Zakir Naik And Salafism: Why Islamic Scholars Can Dismantle Influence Of Extremist Theology?

By M H AHSSAN | INNLIVE

The radical televangelist Zakir Naik has cancelled his media interaction on Thursday for the third time. It came as a surprise to many who have viewed him fiercely debating with the leaders of other faiths, loudly proclaiming numerous supremacist and incendiary statements.

But when it came to the clarification of his objectionable and widely debated utterances calling for religious bigotry, communal disharmony, puritanical fundamentalism, ideological extremism and his misogynist and chauvinistic sermons, he seems to back out.

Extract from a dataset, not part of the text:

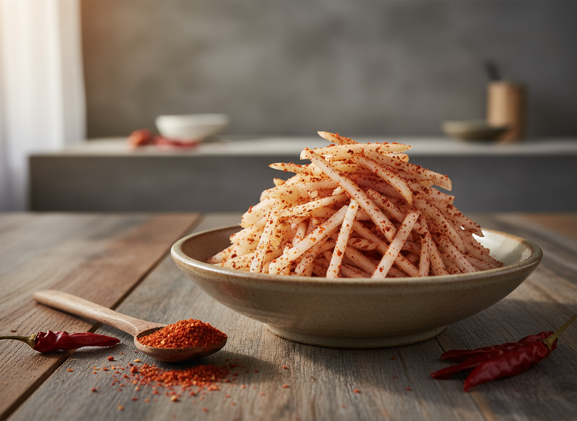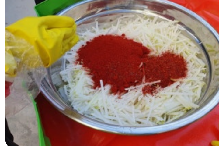 무 3개는 깨끗이 씻어 채칼로 가늘게 채 썰어줍니다. 큰 볼에 무채를 담고 고춧가루를 먼저 넣어 잘 버무려주세요. 고춧가루가 무에 먼저 배면 색이 예쁘게 나고 맛도 더 좋습니다.

The controversial Salafist preacher, who is currently on a lecture tour in Saudi Arabia, the United Arab Emirates and Africa addressing large Muslim gatherings, was supposed to appear in front of the media in Mumbai via video-conference, after the IRF managed to get a venue on Wednesday. But the supporters and the official spokespersons of the IRF maintain that they are not getting any venue to address the media in Mumbai. “At least four venues, including three five-star hotels and the World Trade Centre (WTC), had declined permission for conducting his press conference via Skype,” they told the media.

Of late, an official spokesperson of Naik’s Islamic Research Foundation (IRF), as reported in The Indian Express, has told: “It is very difficult to do a press conference. We will announce another conference soon. Naik himself is willing to come and share information with people."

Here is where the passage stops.